If Your Fingers Look Like This, You Might Have High Blood Pressure

Between 60 and 80 times a minute, your heart pumps blood through your arteries to reach all parts of your body. The pressure placed on the walls of your arteries is your blood pressure. A normal blood pressure is less than 120 systolic and 80 diastolic, or 120/80 mmHg. Any reading higher than that means more stress on your arteries which makes them less elastic over time. That can lead to less blood circulating through your body, causing a heart attack, stroke, or kidney disease.

The American Heart Association says that high blood pressure occurs in almost half of the U.S. population, and many of those people aren't aware of their condition because it often doesn't have symptoms. Yet those with a blood pressure of 180/120 mmHg could have severe headaches, difficulty breathing, blurred vision, confusion, or buzzing in the ears (per World Health Organization). Another sign of high blood pressure might be swollen fingers and feet.

Your fingers might swell if you have high blood pressure

Your heart needs to work harder to pump blood through your body, and sometimes blood has a hard time returning from the extremities back to the heart. That could result in your fingers feeling swollen. High blood pressure is often caused by high amounts of sodium in the diet, causing you to retain more water.
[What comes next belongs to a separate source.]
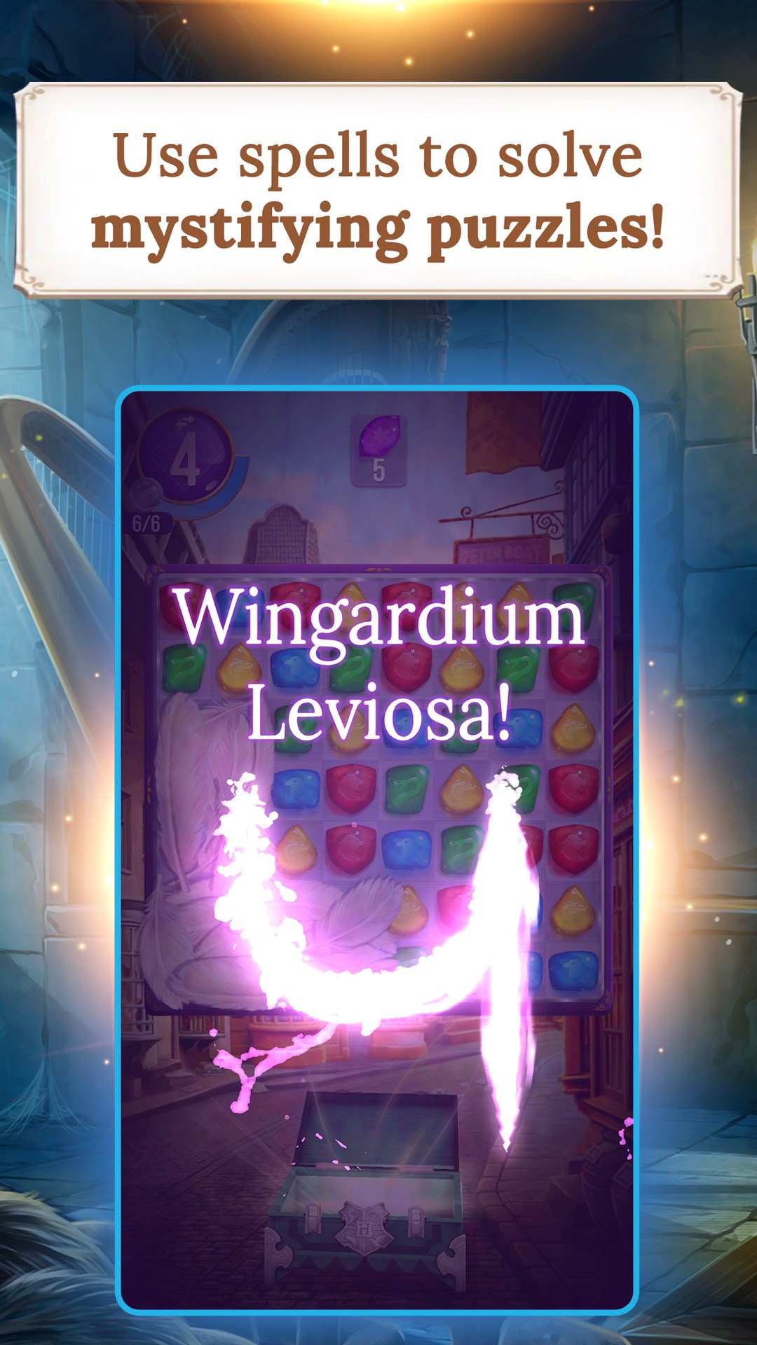 o Unlock & Upgrade Spells: Use Spells to beat Match-3 puzzles by obliterating obstacles and removing hazards. For example, cast Wingardium Leviosa to move objects out of your way.

This excess fluid can make your rings feel tight. If this occurs often, you might want to get your blood pressure checked.

Uncontrolled high blood pressure could lead to kidney disease. Your kidneys have the job of removing waste from your blood and keeping your fluids in balance. If your kidneys don't have sufficient blood supply, they can't do their job. This can lead to edema, or a buildup of fluid in your tissues. Swelling from edema is usually in the legs and feet, but you might also feel it in your arms. Even medications for high blood pressure could cause your fingers and hands to be swollen.

Steps you can take to control your high blood pressure

Diets high in sodium and saturated fat while low in fruits and vegetables can put you at risk for high blood pressure. Alcohol and tobacco use, obesity, aging, family history, and lack of exercise also can factor into your risk for high blood pressure.

A medical professional will often check your blood pressure whenever you visit a doctor, but the Office of Disease Prevention and Health Promotion suggests getting your blood pressure checked every three to five years if you're under 40 years old and aren't at high risk for high blood pressure. People 40 and over should have their blood pressure checked once a year.

If your blood pressure is elevated or high, your medical team might suggest lifestyle changes to lower your blood pressure without medication. This includes cutting back on sodium in your diet or adopting the DASH eating plan. You'll also want to include at least 150 minutes of exercise each week to bring down your blood pressure. Even if you need to take blood pressure medication, these lifestyle changes can make the medication more effective.